What’s curious, then, is precisely what they chose as this new path. The lead singles, it turns out, are somewhat misleading; rather than the hefty sludgy swagger shown on those tracks, the stiff-armed Hetfield style metallic chug, we instead get something a bit closer to new bassist Nate Newton’s metallic hard rock side project Doomriders. Granted, this is exactly the kind of energy he helped pull out of his boys in primary band Converge anyway, a band that it should be noted Brodsky himself not only was in once upon a time but also played with on last year’s superlative (sorry, haters) Bloodmoon: I. Likewise, the fact that Heavy Pendulum shows licks of the more atmospheric and arranged guitarwork present on Droneflower, Brodsky’s collaborative album with Marissa Nadler, as well as the more frantic melted-brain heavy psych-prog of Mutoid Man feel like obvious ingredients to toss in the pot. The result is something closer to grunge than we might initially have expected; real grunge, mind you, that primal post-sludge metal fusion of hardcore, alt rock, doom metal, thrash and the Beatles, not the deformed radio santized amalgamation that would later kill rock radio.

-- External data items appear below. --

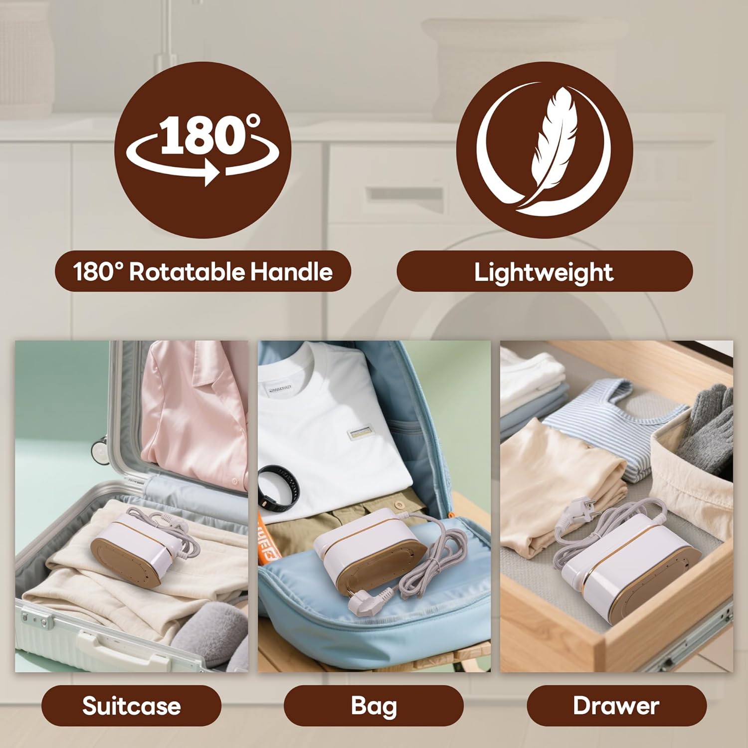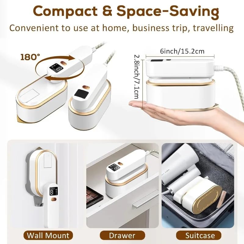 - 【Kompaktes Mini Bügeleisen】Mit 3-fach verstellbarem Griff (0°-90°-180°) vereint dieses kleine Bügeleisen Portabilität mit Funktionalität. Leicht (0,8 kg) und faltbar – optimal für Geschäftsreisen, Urlaub oder schnelle Korrekturen. Passt
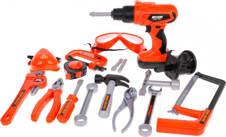 werkbank ca. 25 cm x 21,8 cm x 34 cm, .- werkbank ca. 39 cm x 21,8 cm x 34 cm, .- boor/schroevendraaier ca. 17 cm x 16 cm x 5 cm, .- hamer ca. 15 cm x 8,5 cm x 3 cm, .- tang ca. 16 cm x 5,5 cm x 1,5 cm, .- lange schroevendraaier ca. 15,5 cm, .- sleutel ca. 17,5 cm lang, .- steeksleutel ca. 14,5 cm lang, .- sleutel voor los- en vastdraaien van schroeven ca. 9 x 11 cm, .- handzaag ca. 25 cm x 10 cm x 2,5 cm, .- kettingzaagbit ca. 11 cm x 8 cm, .- plug ca. 5 cm x 3 cm, .- schroef ca. 4,5 cm x 3 cm, .- klem ca. 13,3 cm x 7 cm x 2 cm, .- moersleutel ca. 23 cm x 6 cm x 2 cm, .- veiligheidsbril ca. 16 cm x 6,5 cm x 4 cm, .- meetlint ca. 6,5 cm x 5,5 cm, .- veiligheidsmasker ca. 8,5 cm x 8 cm x 3,5 cm, .- verpakking ca. 35,5 cm x ca. 22 cm x 22,5 cm, . |
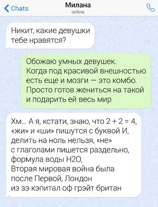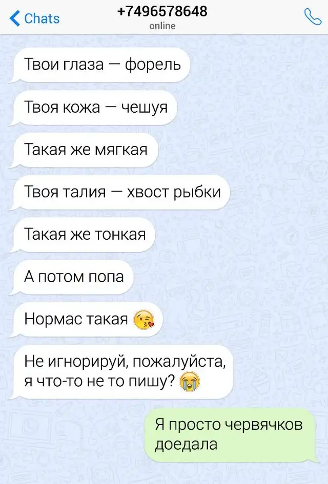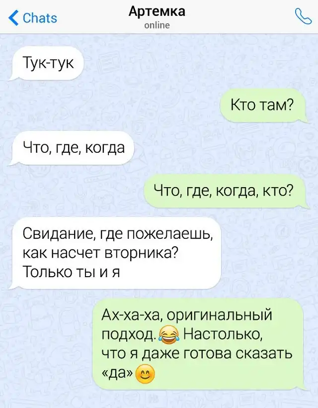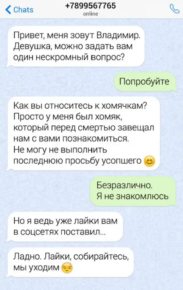 Мы живем в эпоху Интернета. Теперь даже самые простые вещи, например, сходить в магазин за продуктами, можно осуществить не вставая со стула. Пару кликов мышки и к вам домой спешит курьер. А из-за социальных сетей и сайтов знакомств парни практически перестали знакомиться с девушками в "реальном мире". С одной стороны это хорошая новость, поскольку девушкам станет проще отшивать сверхсамоуверенных "пикап-мастеров". Но гуру флирта не сдаются и регулярно штурмуют аккаунты женщин нелепейшими "подкатами". Хотя, стоит отметить, что иногда креатив парней срабатывает и девушки говорят заветное "да". Давайте посмотрим на подборку переписок, которые наглядно показывают то, как не надо флиртовать с девушкой.
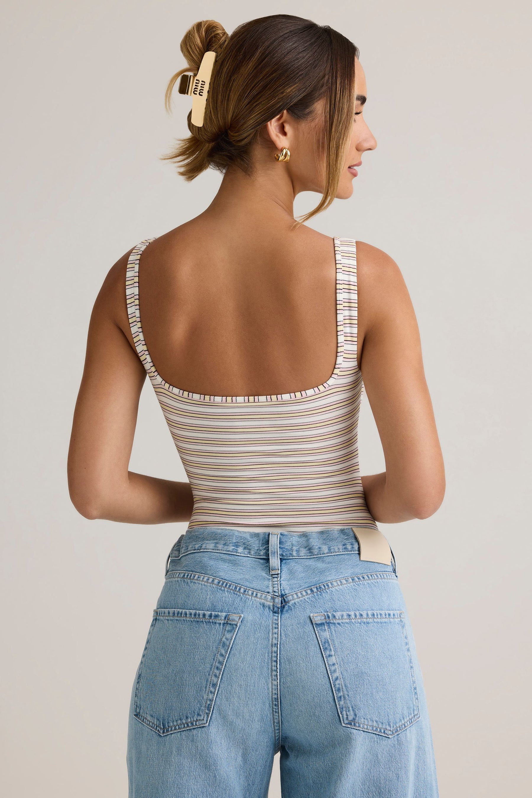 Modal Square-Neck Bodysuit in Pink Yellow Stripe
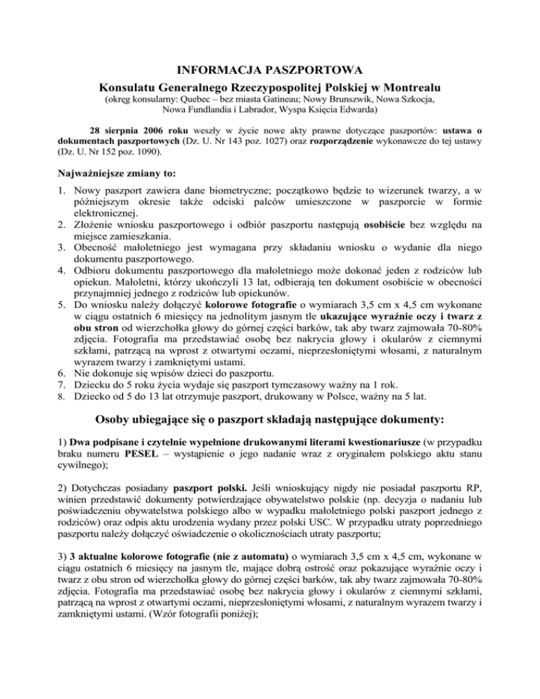 INFORMACJA PASZPORTOWA Konsulatu Generalnego Rzeczypospolitej Polskiej w Montrealu (okręg konsularny: Quebec – bez miasta Gatineau; Nowy Brunszwik, Nowa Szkocja, Nowa Fundlandia i Labrador, Wyspa Księcia Edwarda) 28 sierpnia 2006 roku weszły w życie nowe akty prawne dotyczące paszportów: ustawa o dokumentach paszportowych (Dz. U. Nr 143 poz. 1027) oraz rozporządzenie wykonawcze do tej ustawy (Dz. U. Nr 152 poz. 1090). Najważniejsze zmiany to: 1. Nowy paszport zawiera dane biometryczne; początkowo będzie to wizerunek twarzy, a w późniejszym okresie także odciski palców umieszczone w paszporcie w formie elektronicznej. 2. Złożenie wniosku paszportowego i odbiór paszportu następują osobiście bez względu na miejsce zamieszkania. 3. Obecność małoletniego jest wymagana przy składaniu wniosku o wydanie dla niego dokumentu paszportowego. 4. Odbioru dokumentu paszportowego dla małoletniego może dokonać jeden z rodziców lub opiekun. Małoletni, którzy ukończyli 13 lat, odbierają ten dokument osobiście w obecności przynajmniej jednego z rodziców lub opiekunów. 5. Do wniosku należy dołączyć kolorowe fotografie o wymiarach 3,5 cm x 4,5 cm wykonane w ciągu ostatnich 6 miesięcy na jednolitym jasnym tle ukazujące wyraźnie oczy i twarz z obu stron od wierzchołka głowy do górnej części barków, tak aby twarz zajmowała 70-80% zdjęcia. Fotografia ma przedstawiać osobę bez nakrycia głowy i okularów z ciemnymi szkłami, patrzącą na wprost z otwartymi oczami, nieprzesłoniętymi włosami, z naturalnym wyrazem twarzy i zamkniętymi ustami. 6. Nie dokonuje się wpisów dzieci do paszportu. 7. Dziecku do 5 roku życia wydaje się paszport tymczasowy ważny na 1 rok. 8. Dziecko od 5 do 13 lat otrzymuje paszport, drukowany w Polsce, ważny na 5 lat. Osoby ubiegające się o paszport składają następujące dokumenty: 1) Dwa podpisane i czytelnie wypełnione drukowanymi literami kwestionariusze (w przypadku braku numeru PESEL – wystąpienie o jego nadanie wraz z oryginałem polskiego aktu stanu cywilnego); 2) Dotychczas posiadany paszport polski. Jeśli wnioskujący nigdy nie posiadał paszportu RP, winien przedstawić dokumenty potwierdzające obywatelstwo polskie (np. decyzja o nadaniu lub poświadczeniu obywatelstwa polskiego albo w wypadku małoletniego polski paszport jednego z rodziców) oraz odpis aktu urodzenia wydany przez polski USC. W przypadku utraty poprzedniego paszportu należy dołączyć oświadczenie o okolicznościach utraty paszportu; 3) 3 aktualne kolorowe fotografie (nie z automatu) o wymiarach 3,5 cm x 4,5 cm, wykonane w ciągu ostatnich 6 miesięcy na jasnym tle, mające dobrą ostrość oraz pokazujące wyraźnie oczy i twarz z obu stron od wierzchołka głowy do górnej części barków, tak aby twarz zajmowała 70-80% zdjęcia. Fotografia ma przedstawiać osobę bez nakrycia głowy i okularów z ciemnymi szkłami, patrzącą na wprost z otwartymi oczami, nieprzesłoniętymi włosami, z naturalnym wyrazem twarzy i zamkniętymi ustami. (Wzór fotografii poniżej); 4) dokument potwierdzający pobyt w naszym okręgu konsularnym (karta pobytu, paszport kanadyjski, zaświadczenie obywatelstwa kanadyjskiego, miejscowe prawo jazdy, dla dzieci urodzonych w Kanadzie wymóg ten spełnia kanadyjski akt urodzenia); 5) odpowiednie polskie dokumenty stanu cywilnego (np. akt małżeństwa lub decyzja o zmianie nazwiska drogą administracyjną), jeżeli następuje zmiana nazwiska. Opłata za paszport wynosi 139 CAD. Opłaty zniżkowe: 70 CAD - dzieci od 5 do 16 lat 70 CAD - studenci do lat 26, emeryci, kombatanci (należy przedstawić legitymację). Osoby, które ukończyły 70 lat, otrzymują paszport bezpłatnie. Okres oczekiwania na paszport 10-letni drukowany w Polsce wynosi około 6 miesięcy. Osoby ubiegające się o paszport tymczasowy na czas oczekiwania na paszport 10-letni składają dodatkowo: 1) Dwa podpisane i czytelnie wypełnione drukowanymi literami kwestionariusze (w przypadku braku numeru PESEL – wystąpienie o jego nadanie wraz z oryginałem polskiego aktu stanu cywilnego); 2) 3 aktualne kolorowe fotografie (nie z automatu) o wymiarach 3,5 cm x 4,5 cm, wykonane w ciągu ostatnich 6 miesięcy na jasnym tle, mające dobra ostrość oraz pokazujące wyraźnie oczy i twarz z obu stron od wierzchołka głowy do górnej części barków, tak aby twarz zajmowała 70-80% zdjęcia. Fotografia ma przedstawiać osobę bez nakrycia głowy i okularów z ciemnymi szkłami, patrzącą na wprost z otwartymi oczami, nieprzesłoniętymi włosami, z naturalnym wyrazem twarzy i zamkniętymi ustami. Opłata za obydwa paszporty wynosi 157 CAD. Opłaty zniżkowe: 88 CAD - dzieci od 5 do 16 lat 88 CAD - studenci do lat 26, emeryci, kombatanci (należy przedstawić legitymację). Osoby, które ukończyły 70 lat, otrzymują oba paszporty bezpłatnie. Opłata za paszport tymczasowy dla dzieci do lat 5 : 53 CAD Opłata za paszport tymczasowy na powrót do kraju: 53 CAD Okres oczekiwania na paszport tymczasowy: 3 tygodnie UWAGI: 1. Obecność małoletniego jest wymagana przy składaniu wniosku o wydanie dla niego dokumentu paszportowego. Konieczna jest pisemna zgoda obojga rodziców złożona w obecności konsula lub potwierdzona notarialnie, polski akt urodzenia dziecka oraz okazanie polskiego paszportu przynajmniej przez jednego z rodziców (na kwestionariuszu w polu "podpis wnoszącego podanie" podpisuje się jeden z rodziców, natomiast w ramce pod zdjęciem podpis składa osoba niepełnoletnia, jeśli ma ukończone 12 /dwanaście/ lat; w wypadku dzieci do lat 12 ramka pozostaje pusta). 2. Nie dokonuje się wpisów dzieci do paszportu ani 10-letniego, ani tymczasowego. 3. Osoba, która utraciła paszport, składa oświadczenie o okolicznościach, dacie i miejscu jego utraty. 3. Wnioski niekompletne nie będą przyjmowane. Ostateczną decyzję, jakie dokumenty należy załączyć do wniosku paszportowego, podejmuje konsul. 4. Opłaty przyjmujemy w g

This development also shouldn’t surprise us. If Converge have fashioned themselves over time into less a metalcore band and more an arthouse heavy rock project, one that can pivot on a dime song-to-song or record-to-record to dial in specific ideas, then Cave In is the opposite, the locus, the heart of the star of Brodsky’s larger body of work. It feels more and more as time goes on that this group represents the totality of his ear, his heart, his playing, where other projects are a more focused and pure distillation of specific elements. This is arrived at, of course, through the near-telepathy of his bandmates; Cave In is a band and not a solo project, after all, and that sense of years of familiarity, even with (technically) newcomer Newton on bass, is shown in how suddenly all the colors can come out together. The obvious comparison is between the metallic bruiser of an opener “New Reality” and Led Zeppelin epic-style closer “Wavering Angel,” but the meat of the record likewise covers a span that feels at times like Jane’s Addiction, at others like Alice in Chains’ more maudlin and melodic moments, on to the metalcore and psych-prog the group is known for.

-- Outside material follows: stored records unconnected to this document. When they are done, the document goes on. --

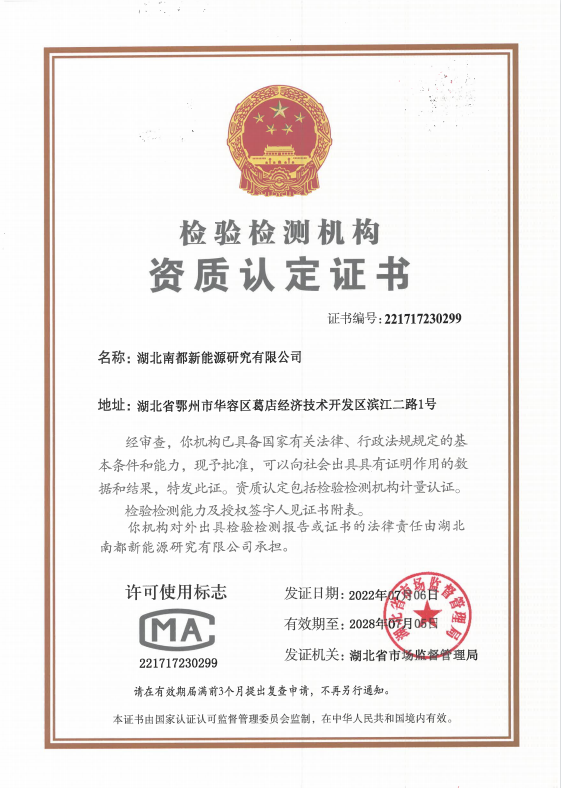 Our Hubei Research Institute has gained unanimously agreement by the evaluation team to award us CMA certificate with our good operation, professional management, great personnel training and advanced equipment.
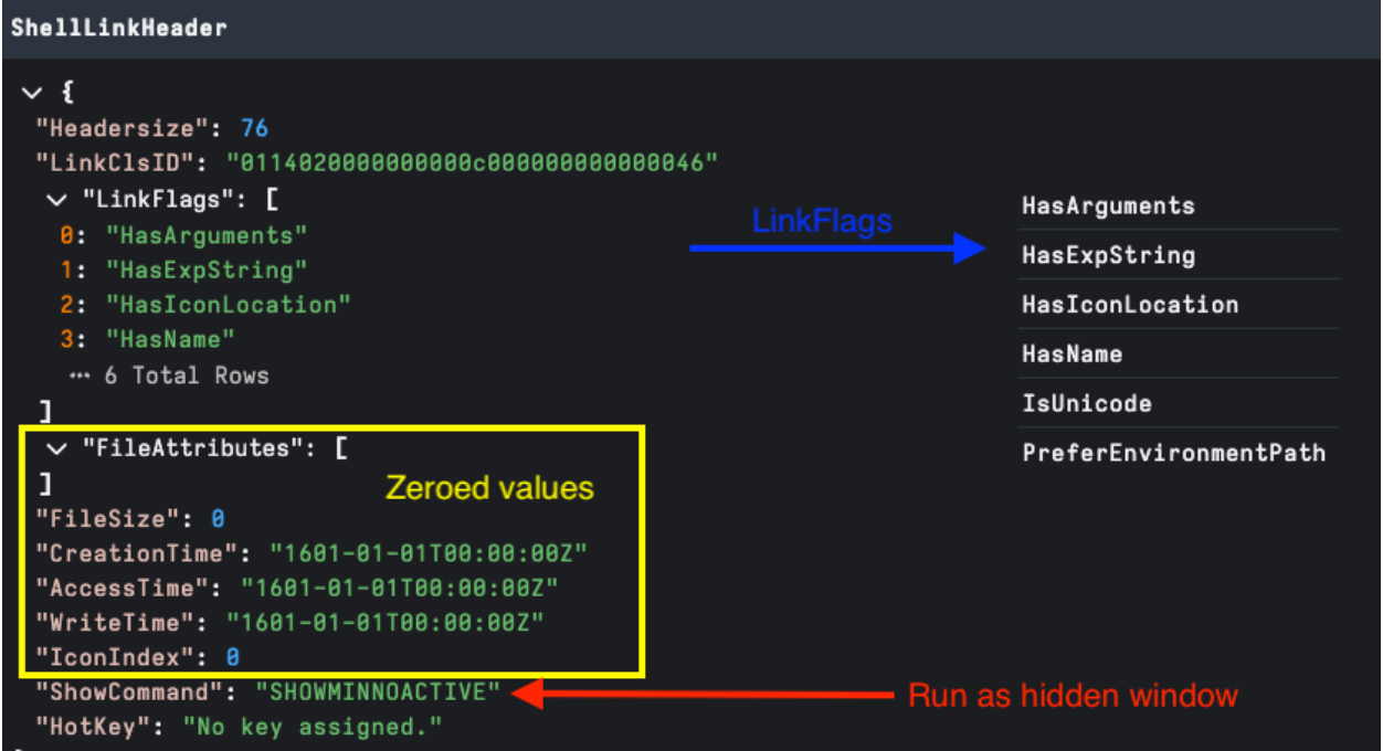 One of the anomalies we review for malicious intent is Zeroed Headers. This may indicate that the LNK file has been stripped of metadata after creation or was created using a builder tool, bypassing normal metadata generation.
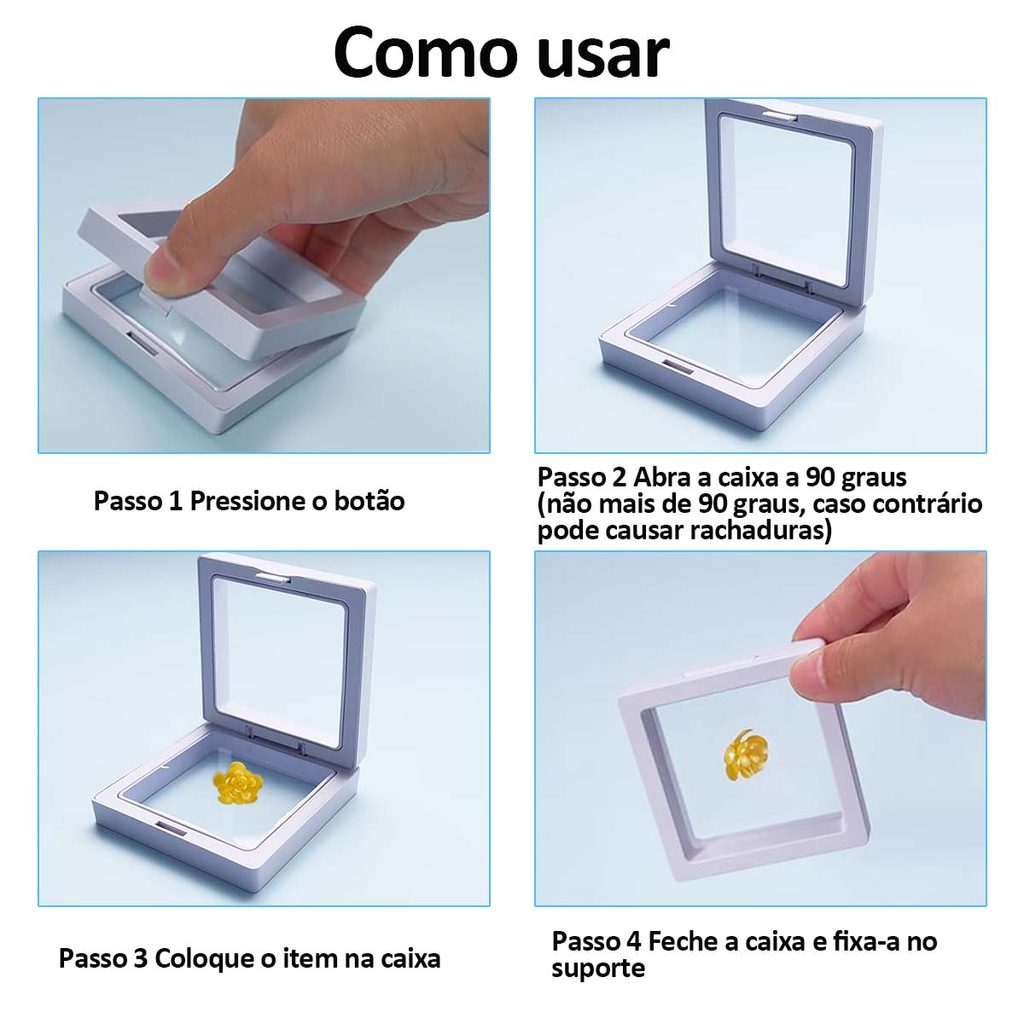 Lista de produtos: 10 Peças de molduras flutuantes 3D Cor: Branco/Preto Tamanho: 7 x 7 cm / 9 x 9 cm Material: Plástico ABS e filme PE Material de qualidade: Fabricadas em plástico ABS e película PE, estas molduras flutuantes são concebidas para durar. Proporcionam uma visão transparente, permitindo uma exibição clara e bonita dos seus itens Fáceis de usar: Basta pressionar o botão para abrir, colocar o seu item entre as películas e fixá-lo para uma exibição clara e firme e usar um secador de cabelo (não incluído) para alisar a película quando terminar Design moderno: Estas molduras flutuantes apresentam um design elegante e moderno, adicionando um apelo à maioria das exibições, quer as utilize em casa, numa loja ou numa exposição, irão realçar o apelo visual da sua coleção; as pessoas também podem utilizá-las para guardar uma variedade de itens, tais como moedas, anéis, medalhas e outros tesouros Exposição multifuncional: perfeitas para organizar e proteger seus itens colecionáveis, essas molduras flutuantes mantêm os itens protegidos contra poeira e arranhões, ao mesmo tempo que permitem fácil acesso e exibição.

If there’s a drawback to Heavy Pendulum, it’s one of girth. This is their return to being a proper band in a proper studio, and so their excitement at writing again is understandable and infectious. Still, there is fat that could be trimmed here or at the very least reordered, producing two lobes or perhaps an LP/EP set. As it stands however it’s hard not to get cross-eyed in the middle of this record, a situation that is no fault of the material itself. Taken out of context, tracks like “Nightmare Eyes” and “Waiting for Love” are full of the same care and emotional heft of the rest of this record. Brodsky and company never skimp on the why of a song, the sense that it was written to express or crystallize a certain emotion or feeling, even if it’s abstract. It’s still hard not to fantasize about a record that has slightly more interior architecture than just song after song after song, one which paid as much diligent care in that sector as the songwriting, playing and production do on the songs themselves. (Kurt Ballou once more produced a killer rock record sonically; quelle surprise.) Still, this is a good problem to have, one easily rectified in the hands of listeners willing to let the record roll over on repeat until the 70-plus minutes begins to sink in or the more sacrilegious take a scalpel to the running order. The sidereal benefit of records with this much bulk is the plurality of equally viable smaller records potential in the hands for those willing to assemble them; certainly a better condition than half-baked material.

More importantly: Cave In is back. The side benefit of their return comprising a surplus of a good thing, given its righteous vitality, is that there’s almost certainly more on the way.